Well, it’s part of a groovy subgroup of bacteria [edit:just for dom] called spirocaetes, that is mostly passed on through sexual contact. Wikipedia amusingly notes  that syphilis “had been called the “French disease” in Italy and Germany, and the “Italian disease” in France. In addition, the Dutch called it the “Spanish disease”, the Russians called it the “Polish disease”, the Turks called it the “Christian disease” or “Frank disease” (frengi) and the Tahitians called it the “British disease”.” Doesn’t that make you proud, fellow Brits?!

So what does it do to you?

Well the first stage (primary syphilis) is probably what you’d think of as being syphilis. Painless lesions develop, which ulcerate to form ‘syphilitic chancres’, which normally heal after a few weeks. They are highly infectious sores that normally appear around genitals.

Secondary symptoms, such as a fever, skin rash and sore throat, then develop, despite the body already having mounted an immune response to the disease! 

Tertiary syphilis. At this stage, it can cause serious damage to the body. It affects many tissues of the body, such as the bone, skin and mucosal surfaces, and can go on to affect important body systems like nerves and the heart.

But for such a potentially destructive disease, treatment couldn’t be more straight forward. Penicillin.
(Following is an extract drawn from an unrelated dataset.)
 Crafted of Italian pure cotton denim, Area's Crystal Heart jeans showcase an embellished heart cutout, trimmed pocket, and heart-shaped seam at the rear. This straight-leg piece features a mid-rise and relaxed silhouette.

An antibiotic we’ve known about for the best part of 100 years.

Syphilis is still in relatively small numbers in the UK, although the recent news reports suggest that this may be changing. Still, if you’re worried that you might have this, or any other sexually transmitted disease (STD), please got to your local GUM clinic, or have a chat to your doctor. Remember that some STDs may not have any symptoms.
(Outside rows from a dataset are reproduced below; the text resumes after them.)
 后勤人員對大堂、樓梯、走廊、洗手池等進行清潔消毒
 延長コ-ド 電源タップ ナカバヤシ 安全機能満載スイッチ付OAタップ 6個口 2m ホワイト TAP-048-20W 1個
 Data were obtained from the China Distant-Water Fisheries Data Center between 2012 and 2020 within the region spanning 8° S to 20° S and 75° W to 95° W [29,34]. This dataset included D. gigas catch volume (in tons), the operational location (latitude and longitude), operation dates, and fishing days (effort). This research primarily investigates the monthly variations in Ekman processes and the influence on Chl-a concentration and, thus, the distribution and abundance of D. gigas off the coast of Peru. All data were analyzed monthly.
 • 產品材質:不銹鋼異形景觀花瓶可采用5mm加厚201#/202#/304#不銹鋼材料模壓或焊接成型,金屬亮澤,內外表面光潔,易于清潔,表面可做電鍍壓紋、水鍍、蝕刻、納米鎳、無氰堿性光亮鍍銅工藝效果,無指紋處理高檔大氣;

But it’s not all doom and gloom! Many diseases can be tested for with simple, painless tests, and treated effectively.

J x

Birmingham Mail jumps on Syphilis bandwagon

25 03 2010

Oh dear.

Heard via Twitter that my local paper, the Birmingham Mail, had added a local spin on the Syphilis story [edit 26/3: story removed following request from Birmingham University] we are all watching with bated breath. In it, was information from an outreach officer at Birmingham. This time, it was one teensy, seeminlg innocuous statement which raised a few questions:

“In Birmingham, Ms Hyland said a 2,000 per cent increase in reports of syphilis had been logged in 2007, according to figures from the Heartlands Clinic.”
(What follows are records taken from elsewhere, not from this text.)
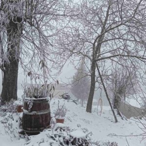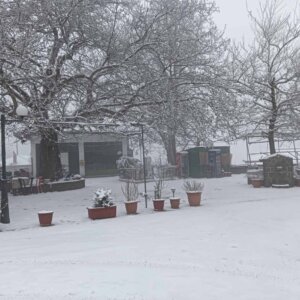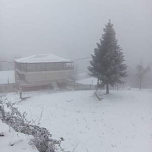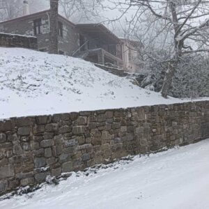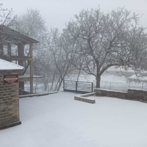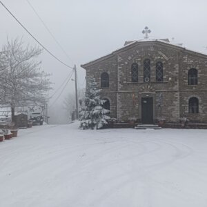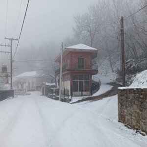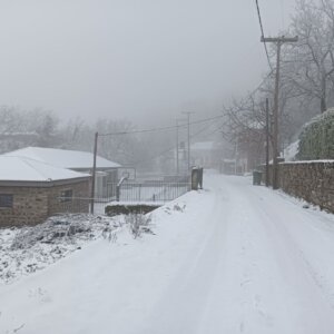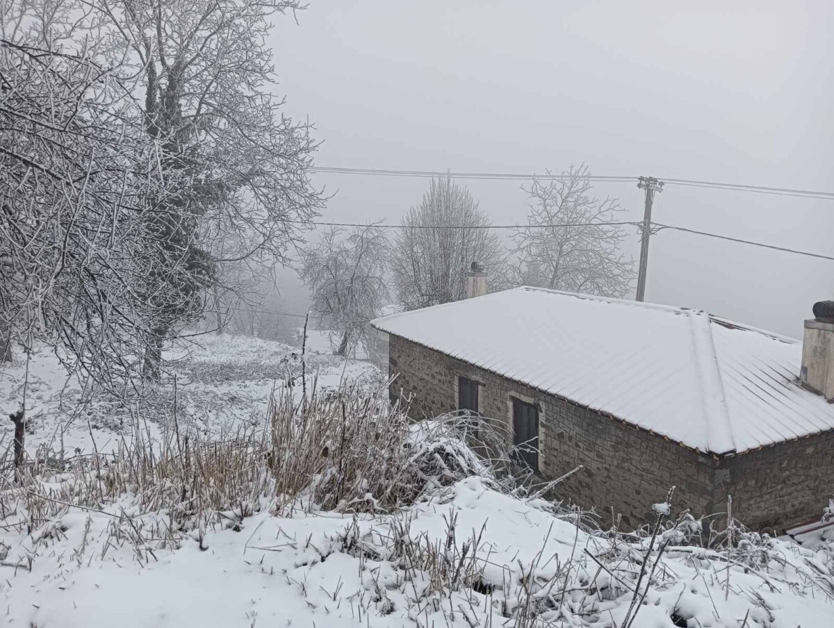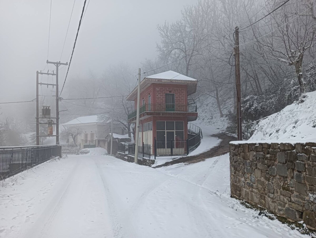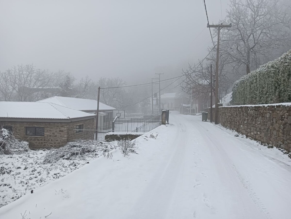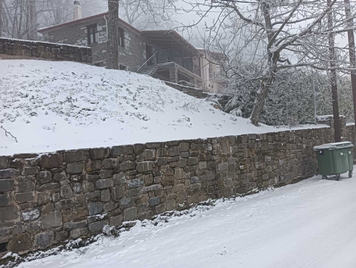 Με το πρώτο φως της ημέρας, το χωριό ξύπνησε ντυμένο στα λευκά, θυμίζοντας καρτ ποστάλ. Οι λιγοστοί κάτοικοι και επισκέπτες απαθανάτισαν τις στιγμές, με το χιονισμένο τοπίο να αναδεικνύει για ακόμη μία φορά τη γοητεία και τη γαλήνη της περιοχής.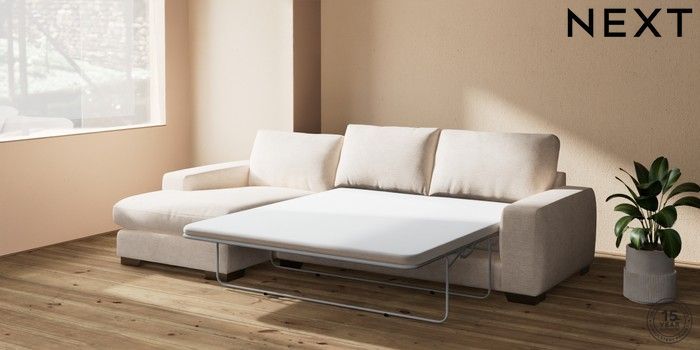 7.2.10 Houghton Deep Relaxed Sit Sofa Chaise Bed - Left Hand Boucle Chenille Oyster Large Square Angle - Gunmetal | Made Click here to use our website with more accessibility support, for example screen readers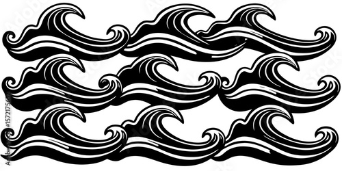 wave, ocean, sea, water, pattern, design, graphic, illustration, vector, black-and-white, monochrome, tattoo, art, print, background, texture, style, vintage, nautical, marin, coast, beach, graphic design, abstract, decorative, seamless, poster, black, white, creative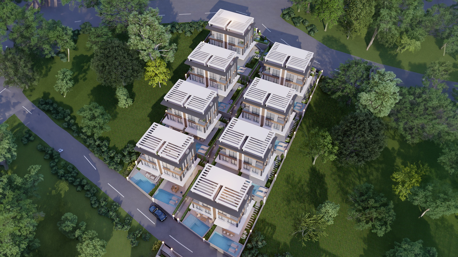 Her villaya özel farklı bahçe konseptleri dikkat çekmektedir.

Now, not one to let things like this slip by, I dropped My Hyland an email. I had an incredibly swift response from her.

It seems she had nothing to do with the figures reported, and is trying to contact the paper and clarify the situation at the moment. She said she was upset by it all, and said that “I never said I was an expert and the figures are nowhere near what have been published! Figures can be obtained from the Health Protection Agency, and the rise of syphilis is nowhere near that of say, herpes or warts. ”

She let me know that she had been told by a masters student who had worked in a Birmingham GU clinic that ” there was a massive increase in syphilis and that babies were being born with the condition, that the disease was becoming resistant to antibiotics so their figures may well be above average the UK average.”

So where did the data come from? A two thousand percent increase is surly not just plucked from thin air…?

Update (14.55.):: Just heard the following from Ms Hyland “I (julia hyland) did not claim to be an expert in this field and the figures quoted did not come from me, I have called the Evening Mail they told me their figures came from Heartlands.”